A caper is a "frolicsome leap," "a capricious escapade" or a "questionable or illegal activity," according to Webster's Collegiate Dictionary.

A caper is also the brined bud of the caper bush, but some of the above descriptions could still apply.

You could say that these pungent, pea-size morsels offer a "frolicsome leap," or a bit of an adventure, into flavorful dining. (Hey, it's leap year, why not?)

Questionable? Well, a lot of people seem suspicious of these little buds, wondering what those little green things are in their pasta salad — anchovies? Peppercorns? Cornichons? They often get lumped into that "nebulous" category of ingredients.

Capers play a supporting role in French, Italian, Greek and Spanish cooking because the prickly caper bush thrives in areas bordering the Mediterranean Sea. The immature flower buds are hand-harvested and preserved in vinegar or salt-cured. Pickling gives them a strong, salty-sour flavor. The fruit, or berries, of the caper bush are also pickled and look like large green olives with stems.

You've never eaten capers? Well, if you've had tapenade (olive spread) or Italian puttanesca sauce, or a chicken or veal picatta, you probably have. You might not have recognized them, but they're found in numerous local restaurant dishes.
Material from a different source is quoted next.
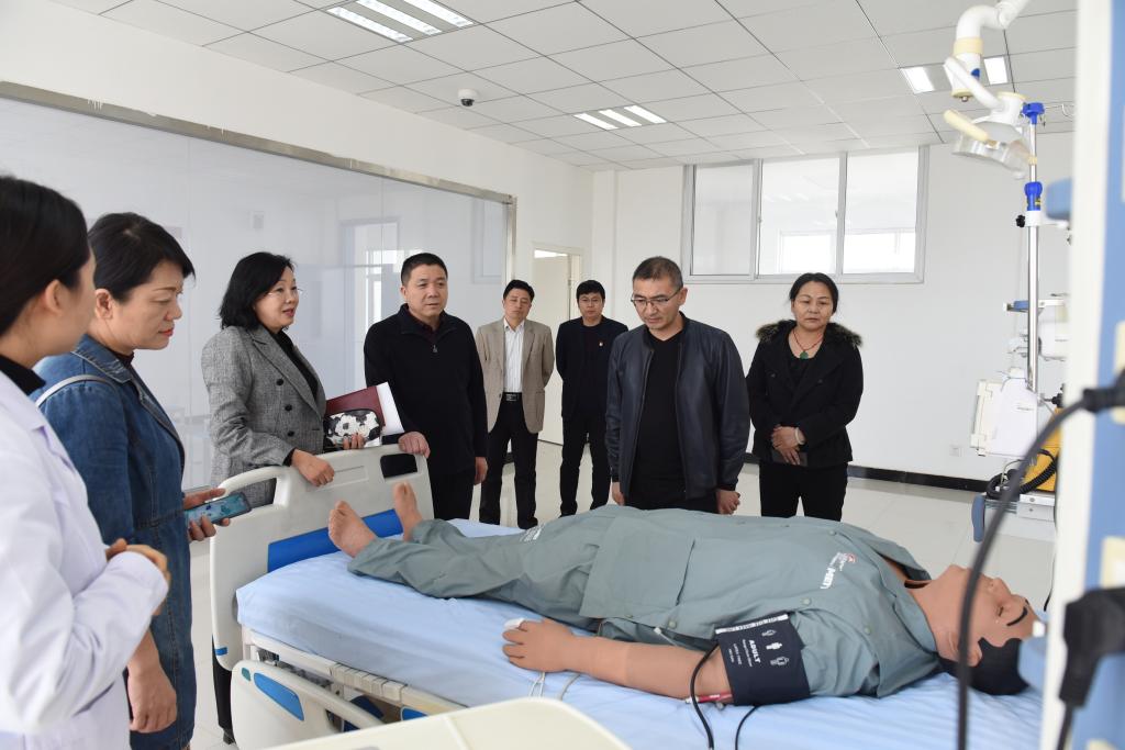 王邦龙院长一行首先参观了我院护理实训楼内的综合技能考核室、心肺复苏实训室、模拟ICU病房等实训场所,对我院先进的实验实训设备、一流的实训条件大加称赞。

"We go through upward of 1,000 cases of capers a year," said Sam Granato, whose Frank Granato Importing Co. supplies Mediterranean ingredients for restaurants and home cooks. "Not only are the caper buds used in cooking, but the larger caper berries are used as an hors d'oeuvre."

In Greece, capers are used along with olives in salads, or to enhance stews and spreads, according to author Susanna Hoffman in her book, "The Olive and the Caper" (Workman, $19.95).

Together, olives and capers "represent the union of hard work and nature, so very Greek in essence, and speak to the largesse of small offerings, a Greek credo," writes Hoffman.

"I love capers," said Marguerite Marceau Henderson, Salt Lake cookbook author. "Salad Nicoise is a French classic, and you have to have capers in the dressing. The lemon in it cuts the brininess of the capers. And chicken or veal picatta isn't a picatta without the capers."

Chicken picatta calls for chicken breast cutlets dredged in flour, browned and served with a sauce of butter, lemon juice, capers, and chicken stock or white wine.

Henderson saw caper bushes firsthand while traveling in Sicily. "There were caper bushes growing alongside the road, and you can see the little buds," she said. "I'd ask people what's this beautiful bush?"

Capers are used in several recipes from her latest cookbook, "Small Parties" (Gibbs Smith, $19.95). The Salmon Nicoise Salad is a twist on the usual tuna-based salad. And Chicken Under a Brick has a buttery garlic caper sauce.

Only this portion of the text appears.